Zonder een duidelijk overzicht van welke verwerkingen binnen de organisatie plaatsvinden, ontbreekt voor de DPO het noodzakelijke vertrekpunt om te beoordelen of de regels uit de AVG worden nageleefd.
Het register is dus veel meer dan een administratieve verplichting: het is een strategisch instrument dat de DPO in staat stelt risico’s te identificeren, prioriteiten te bepalen en gerichte controles uit te voeren.
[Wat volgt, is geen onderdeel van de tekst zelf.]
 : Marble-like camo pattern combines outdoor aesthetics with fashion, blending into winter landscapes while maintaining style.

Ook de EDPB benadrukt het belang van het register in richtsnoer wp243. Daarin wordt expliciet gesteld dat het register een essentieel hulpmiddel is voor de DPO om zijn of haar toezichtstaken te kunnen uitvoeren. Hoewel het opstellen en bijhouden van het register niet tot de formele verantwoordelijkheid van de DPO behoort, dient het wel onder diens toezicht te vallen. In die zin fungeert het register als een sleutelinstrument voor monitoring, advies en controle.
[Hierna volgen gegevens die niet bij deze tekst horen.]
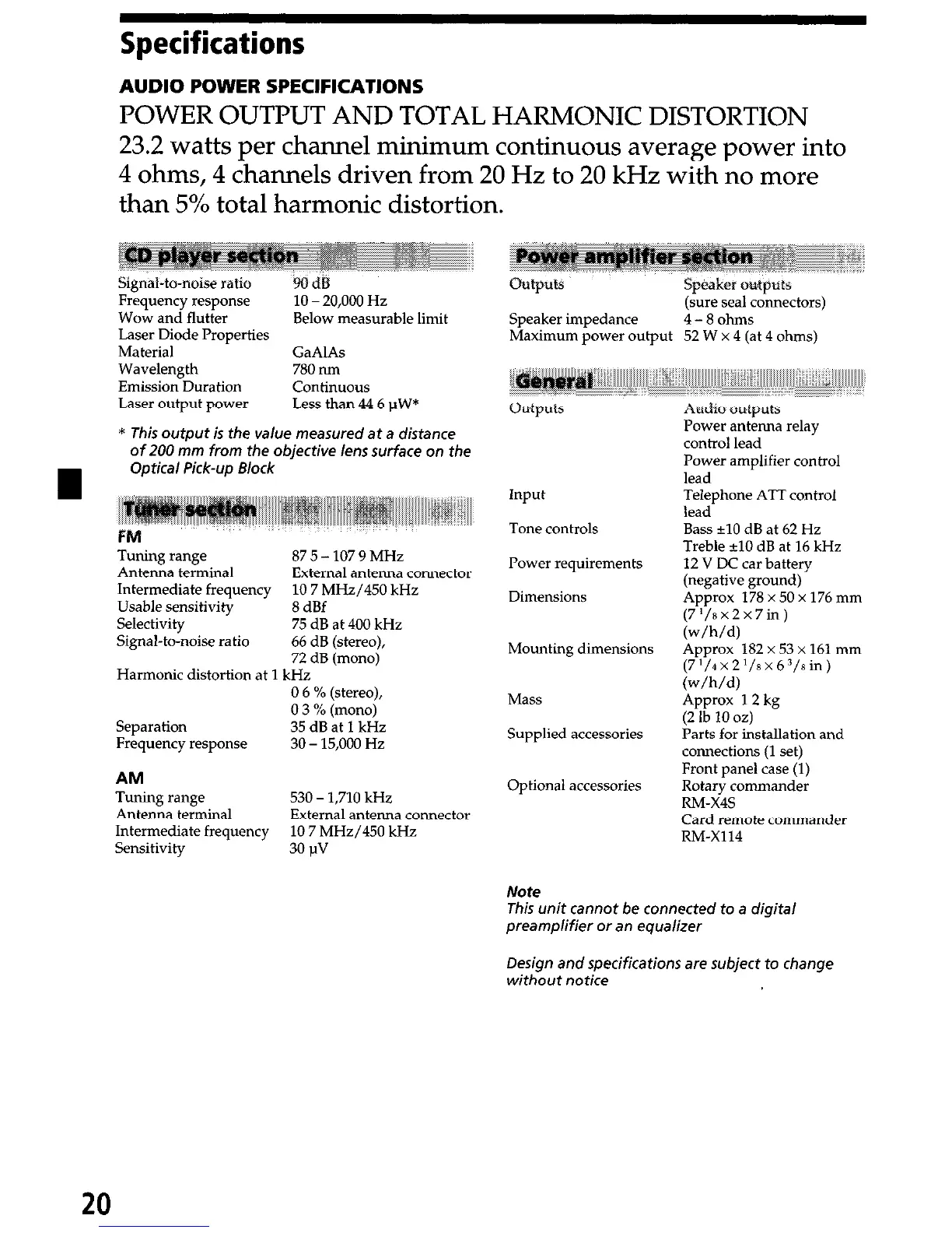 4 ohms, 4 channels driven from 20 Hz to 20 kHz with no more

Wat is de impact van het voorstel op het werk van de DPO?
De voorgestelde vereenvoudiging van de GDPR heeft enkel onrechtstreekse gevolgen voor de werking van de Data Protection Officer (DPO). Het voorstel van de Europese Commissie wijzigt namelijk op geen enkel punt de bepalingen rond de aanstelling of taken van de DPO zoals die vandaag in de GDPR zijn vastgelegd.
Een mogelijk indirect gevolg ontstaat wanneer een DPO moet worden aangesteld in een context waarin geen verplichting bestaat om een register van verwerkingsactiviteiten op te stellen. Zoals eerder toegelicht, is dat register een essentieel hulpmiddel voor de DPO om zijn of haar taken naar behoren uit te voeren.
Kan een DPO worden aangesteld zonder registerplicht?
Wat zegt de GDPR tekst en het nieuwe voorstel van de Commissie.
Artikel 37 van de GDPR bepaalt in welke gevallen een DPO verplicht moet worden aangesteld. Zo is een DPO verplicht wanneer de verwerkingen worden uitgevoerd door een overheidsinstelling. Zoals eerder aangegeven, gaan we er in dit artikel van uit dat overheden niet onder de beoogde vrijstelling vallen.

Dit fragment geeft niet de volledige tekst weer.